If the target type is represented by more bits than the type from which it is converted, then the JVM simply fills the additional slots with the value of the highest bit of the given value (which represents the signature):
```
|     short   |     byte    |
|             | 00 00 00 01 | => (byte) 1
| 00 00 00 00 | 00 00 00 01 | => (short) 1
```
Thanks to the inverted notation, this strategy also works for negative numbers:
```
|     short   |     byte    |
|             | 11 11 11 11 | => (byte) -1
| 11 11 11 11 | 11 11 11 11 | => (short) -1
```
This way, the value's sign is retained. Without going into details of implementing this for a JVM, note that this model allows for a casting being performed by a cheap shift operation what is obviously advantageous.

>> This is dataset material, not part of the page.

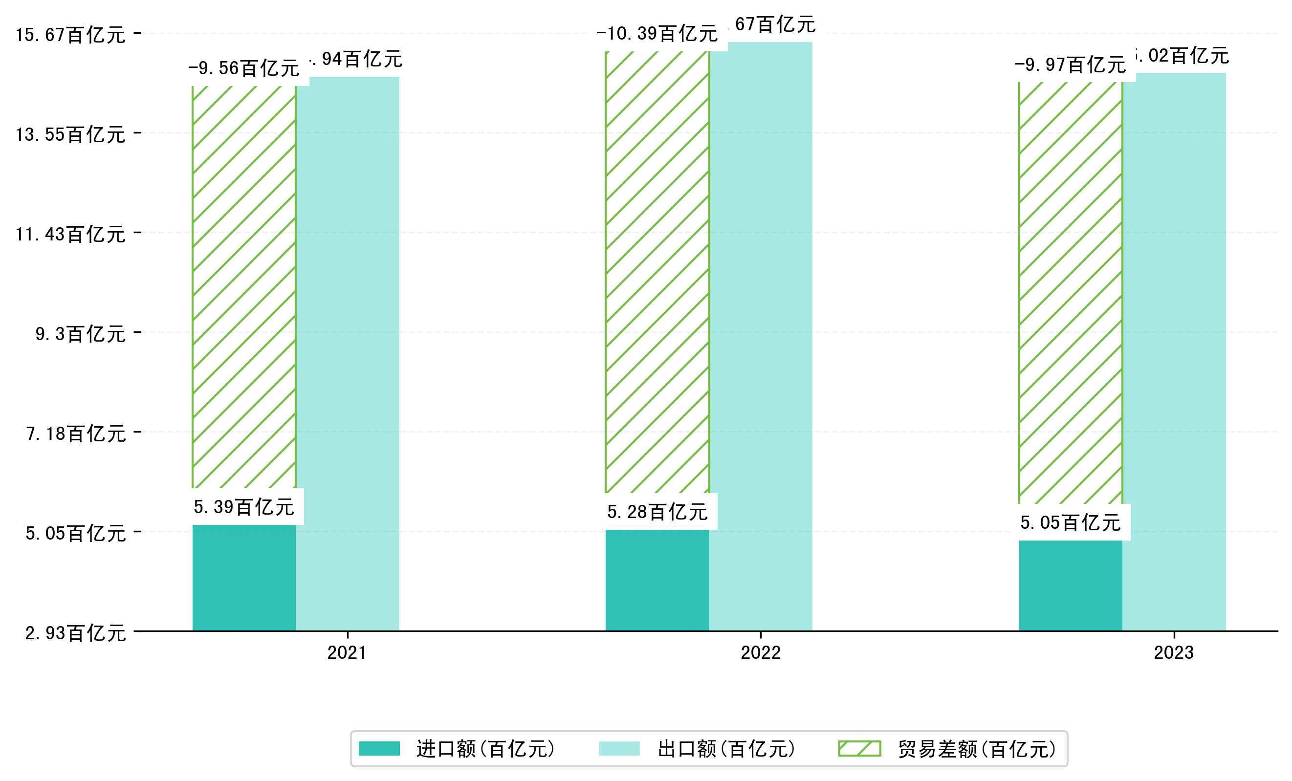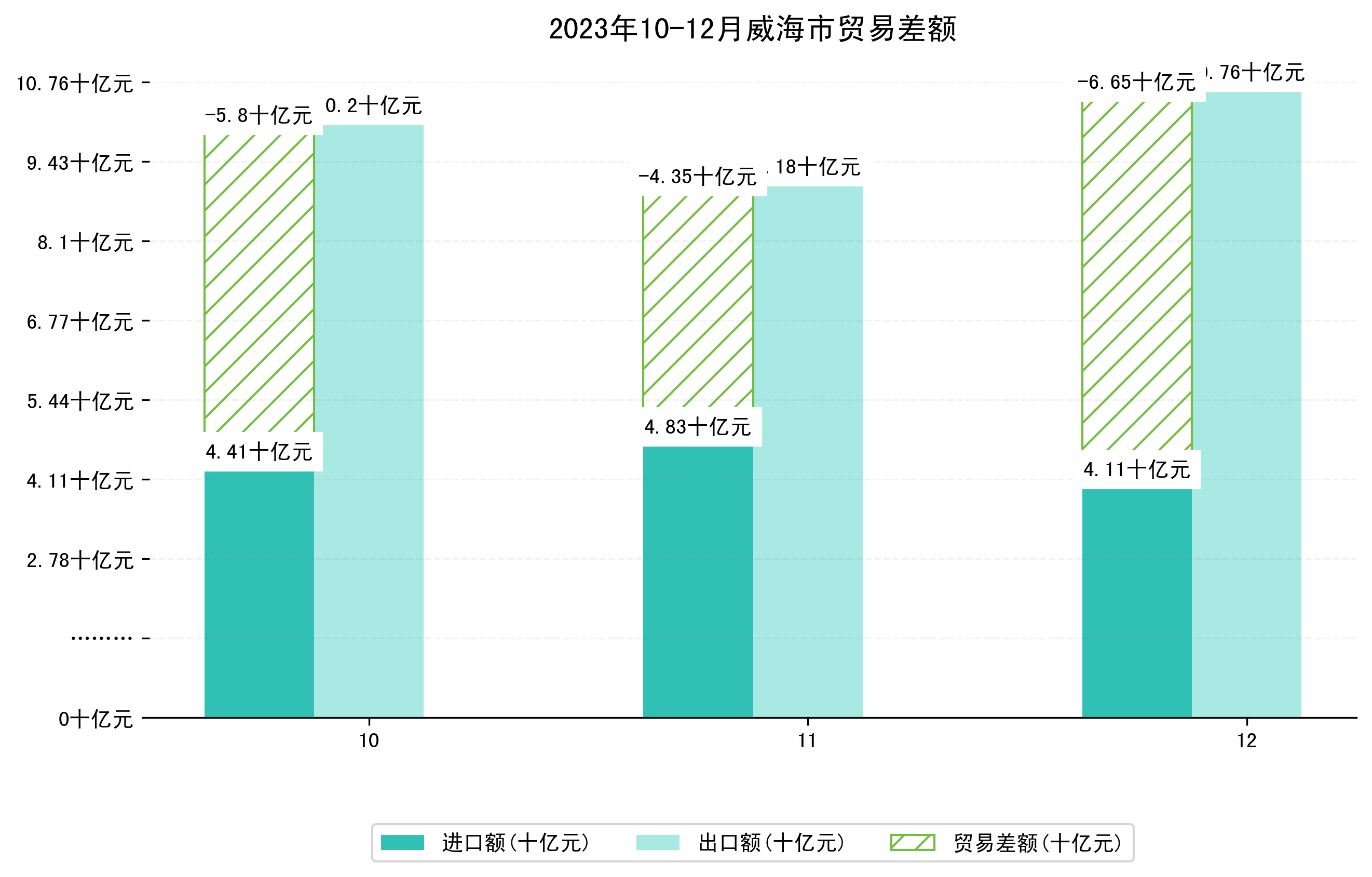 以人民币计,2023年12月威海市贸易差额为66,5051,8492万元(贸易顺差),相比上月增加了22,9906,3146万元,即3,2148,9519万美元;相比上年同期增加了7,1297,4583万元,同比增加12.01%。

An exception from this rule is widening a char type which is, as we said before, unsigned. A conversion from a char is always applied by filling the additional bits with 0 because we said there is no sign and thus no need for an inverted notation. A conversion of a char to an int is therefore performed as:
```
|            int            |    char     |     byte    |
|                           | 11 11 11 11 | 11 11 11 11 | => (char) \uFFFF
| 00 00 00 00 | 00 00 00 00 | 11 11 11 11 | 11 11 11 11 | => (int) 65535
```
When the original type has more bits than the target type, the additional bits are merely cut off. As long as the original value would have fit into the target value, this works fine, as for example for the following conversion of a short to a byte:
```
|     short   |     byte    |
| 00 00 00 00 | 00 00 00 01 | => (short) 1
|             | 00 00 00 01 | => (byte) 1
| 11 11 11 11 | 11 11 11 11 | => (short) -1
|             | 11 11 11 11 | => (byte) -1
```
However, if the value is too big or too small, this does not longer work:
```
|     short   |     byte    |
| 00 00 00 01 | 00 00 00 01 | => (short) 257
|             | 00 00 00 01 | => (byte) 1
| 11 11 11 11 | 00 00 00 00 | => (short) -32512
|             | 00 00 00 00 | => (byte) 0
```
This is why narrowing castings sometimes lead to strange results. You might wonder why narrowing is implemented this way. You could argue that it would be more intuitive if the JVM checked a number's range and would rather cast an incompatible number to the biggest representable value of the same sign. However, this would require branching what is a costly operation. This is specifically important, as this two's complement notation allows for cheap arithmetic operations.

通过这些信息，我们可以看到在你的例子中数字-2发生了什么:

|           int           |    char     |     byte    |
| 11 11 11 11 11 11 11 11 | 11 11 11 11 | 11 11 11 10 | => (int) -2
|                         |             | 11 11 11 10 | => (byte) -2
|                         | 11 11 11 11 | 11 11 11 10 | => (char) \uFFFE
| 00 00 00 00 00 00 00 00 | 11 11 11 11 | 11 11 11 10 | => (int) 65534

如您所见，将 byte 转换为 char 会截取相同的位，因此 byte 转换是多余的。

如果您更喜欢正式的定义，所有这些规则也在 JVMS 中有明确说明。

最后要提醒的是：类型的位大小并不一定代表 JVM 在内存中表示该类型所保留的位数。事实上，JVM 不区分 boolean、byte、short、char 和 int 类型。它们都由相同的 JVM 类型表示，其中虚拟机仅模拟这些转换。在方法的操作数栈（即方法内的任何变量）上，所有命名类型的值都消耗 32 位。然而，对于数组和对象字段，任何 JVM 实现者都可以自行处理。